I will explain how to do circular instead of square cropping of headstamps for those times when there is a background you do not want tomorrow.


This pill bottle idea is genial and I will try it soon.

Thanks for the tip!


Not with 6 Gigabytes of DDR3 RAM … ;)


Another possibility is to put a white paper leaf “arched” over the scanned object. It is easily set, as its sides will fit betwen the scanner glass and the body. This system allows a regular reflexion of the light and the ctg is shown over a greyish backgound…


Doesn’t work well for me and my Epson Perfection 4490 Photo. Strange shadows use to show.
However this is a good piece of hardware. I usually scan headstamps at 800 dpi. What I have not mastered yet is how to crop circles.

I do scan the headstamps in any position and later straighten them via software.

This is a 800-dpi scan of a .22 rimfire from the spanish firm Glamise:

I get good results on both headstamps and cartridges (up to about 30mm calibre) using my EPSON Perfection 1260 scanner.


I recently encountered a product at a training course; my first thought was “MAN that’d be great for cartridges and case stamps!”

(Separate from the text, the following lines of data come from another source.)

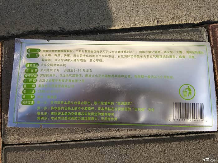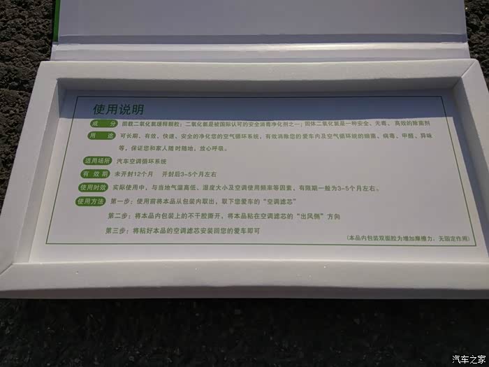 我先简单的介绍一下这次的雨卉空消宝,其实它的成分就是固载二氧化氯缓释颗粒,二氧化氯是被国际认可的安全消毒净化剂之一;固载二氧化氯是一种安全、无毒、高效的除菌剂,它可长期、有效、快速、安全的净化爱车的空气循环系统,有效的消除爱车内及空气循环系统的细菌、病毒、甲醛、异味等。
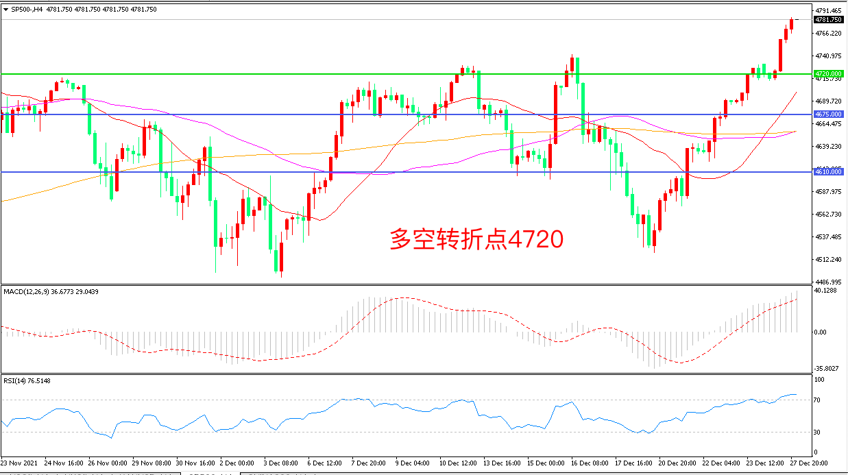 交易策略:在4720.00之上看涨,目标4800.00                           4880.00
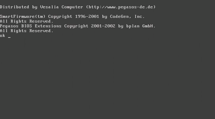Les ordinateurs CHRP sont assez rares. Il y a quelques machines IBM (certains RS/6000), quelques Motorola – le Starmax 6000 jamais sorti, certains PowerStack, le Viper et le Cobra – et quelques machines plus modernes. Les Viper et Cobra sont explicitement supportées par Mac OS 7.6 et ce sont des machines pensées avec Apple pour cet usage précis. Dans les machines plus modernes, il y a les Efika et les cartes Pegasos. Et j’ai justement une carte Pegasos I depuis des années, sur laquelle j’avais installé Mac OS X via Mac-On-Linux. Mac84, dans sa vidéo, montre qu’une personne a tenté de démarrer sur une machine IBM sans succès.

It’s called a DinoLite. It’s basically a small tubular USB-connected flashlight with a zooming scanner/camera/microscope that allows for great detail. I only briefly saw it in use but it allowed for very precise looks at tiny fragments of a projectile we were examining. The instructor said they ran about 200 bucks. I’m on dial-up and the website hasn’t even begun to come up–maybe someone with their knuckles not quite so firmly contacting the ground can take a look.


I have one of these and it is not bad, It is pretty good on headstamps, but not good on cartridges. the images come out too harshfor me. Fine for reference work, but not good enough for publication.